WALTERS: What advice would you give to Barack Obama?

AILES: I think he’s in a very tough spot. He is enormously likable and I think despite what everybody says, people would like him to succeed. But he came in with the belief that the radical change he wanted or what some people say is a radical change that he wanted would be widely accepted.

WALTERS: But give him some advice, boom, boom, boom now.

AILES: The first advice I’d give him is listen to everybody and then go in a dark room by yourself, because in the end, it’s all going to happen in your brain. If you actually believe all these things that you’re for, and Richard Neustadt in “Presidential Power” explains that the only real presidential power is the power to persuade the people, to be open, to go out to them and say this is the reason I believe this, this is the direction I believe the American people should go. If he doesn’t do that and I don’t think he can sell some of his programs. I think he has to become president of all the people and I think he’s got to go to transparency and I think you’d be surprised. People who are willing to give him the benefit of the doubt, but you can’t do this in back rooms surrounded entirely by political consultants.

As good a media exec as he is, there is no doubt that Ailes, an old Nixon hand, also knows his politics. At another point, he broke the reigning consensus at the table:

AILES: Jobs is the second issue, in my view.

WALTERS: What’s the first?

AILES: Safety and sovereignty of the United States

The full roundtable transcript after the jump.

WALTERS: Well, now let’s bring in our roundtable. George Will, Arianna Huffington from “The Huffington Post,” Paul Krugman, Nobel Prize winning economist and columnist for the “New York Times,” and Roger Ailes. And this is rather unusual for us and I think for him because Mr. Ailes is the CEO and president of FOX News and this is his first visit with ABC News on “This Week.”

AILES: I was waiting for HD. I look so much better.

WALTERS: I also — you just said that when Scott Brown for $1,000 for the cosmopolitan nude photograph, you would have done it for less.

AILES: 1982, the guy’s getting out of college and someone gives him $1,000 and he can cover himself up. I don’t know, $100, I’d do it.

WALTERS: We’re not going to ask you today. OK, so here we go, George. Scott Brown. What do you think of him? How influential do you think he’s going to be?

WILL: He is one percent of one-half of one of our three branches of government. That is he’s one senator in an institution where like most institutions, 80 percent of the work is done by about 20 percent of the people. Most of them senior senators.

Furthermore, as he said in his interview, every Republican senator is the 41st senator, therefore every one of them is a potential obstructionist or extortionist, depending on what you say. So in that sense, I think he will be of modest historic importance.

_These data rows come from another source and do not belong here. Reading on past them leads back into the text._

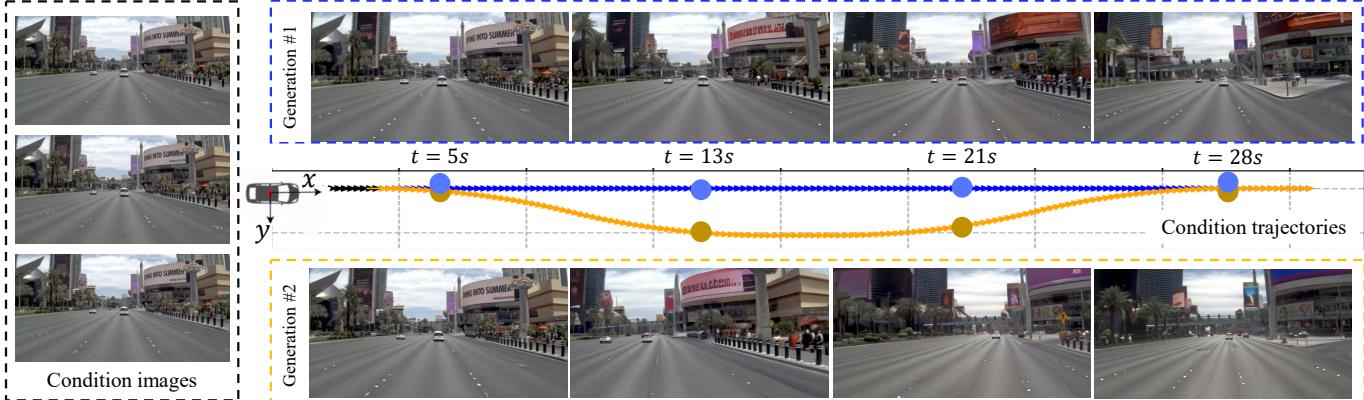 Figure 1. Controllable generation results of our method. Our method takes a short video clip as input and can generate multiple possible future driving scenarios conditioned on different pre-defined trajectory paths. We use one straightforward path and one curved path as examples, and the results show that our method achieves accurate control and future prediction.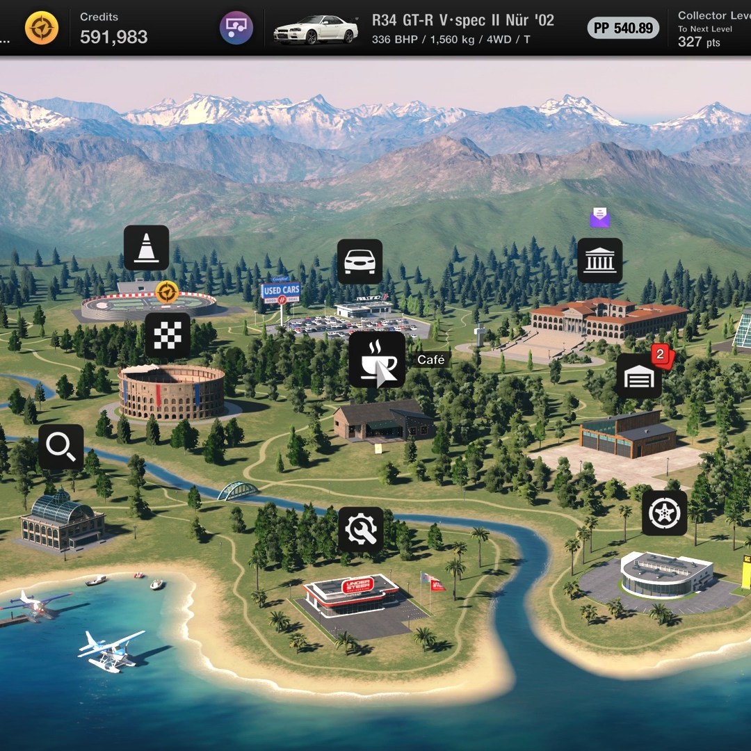 Ekran głównego menu to znów mapka, co powinno uderzyć w czułe miejsca fanów i jest nawiązaniem do najlepszych odsłon serii, jak np. część czwarta z czarnulki. Z niej mamy dostęp do wszystkich sposobów zabawy, a przechodzą przez nią przedstawię całą grę. Pierwszą ikoną z lewej są Scapes, które wracają ze wszystkimi cechami, jakie znamy z poprzednich odsłon. Dla osób, które nie wiedzą czym Scapes są: to rozbudowany tryb foto, który umożliwia nam fotografowanie samochodów w przepięknych sceneriach z całego świata. Największe i najbardziej znane miasta. Lokalizacje ikoniczne od strony geografii, turystyki, czy motoryzacji. Nie wiem, ile dokładnie scenerii jest w grze, jednak jestem bardziej niż pewien, że idą pod tysiąc. Szczególnie że wraz z aktualizacjami do gry trafiają nowe. Graczom jednoczenie oddane zostaje dużo ciekawych opcji, przełączników, filtrów itp., aby każdy domorosły fotograf mógł zbudować idealną scenę z samochodem w roli głównej. I choć sam nie jestem zbyt dobry w te klocki, to widząc jakie cuda wykonują inni gracze, wierzę w moc Scapes. Z tego miejsca warto przejść do punktu o nazwie „Showroom”. Nie tylko dlatego, że jest tuż obok na mapce, ale ponieważ to tutaj znajdziemy cały content, jaki stworzony został przez graczy i udostępniony społeczności. Jak sama nazwa wskazuje, znajdziemy tutaj wszystko, czym inni gracze chcą się pochwalić globalnej społeczności Gran Turismo. Od scenek, fotek z wyścigów, powtórek, aż po kreacje dla nadwozia samochodów, kombinezony i kaski kierowców. I niezależnie od wspomnianego rodzaju dzieła, tworzonego przez innych graczy, wszystkie potrafią absolutnie zachwycić – a już stanowczo to, co wyrabia się z karoserią aut.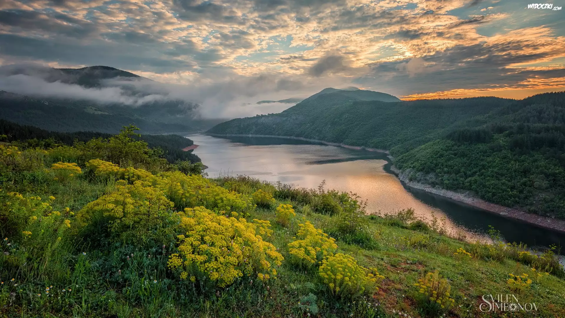 Zdjęcia, Rzeka, Góry, Wzgórza, Mgła, Kwiaty

WALTERS: So why the fuss, Paul?

KRUGMAN: Well because we have a super majority system. Because we have a system in which you cannot at this point get anything done without 60 points in the Senate. I mean, what I’ve been thinking about right now is at this point, the House of Representatives has passed a health care bill and has passed a strong financial reform bill. It has passed a strong climate change bill. In any other advanced democracy, that would mean that all of these things would have happened. But in the U.S. system, it takes 60 votes in the Senate to accomplish anything and because the Democrats nominated somebody in Massachusetts who didn’t know her Red Sox, that entire agenda has run aground — incredible. WALTERS: That was his opponent.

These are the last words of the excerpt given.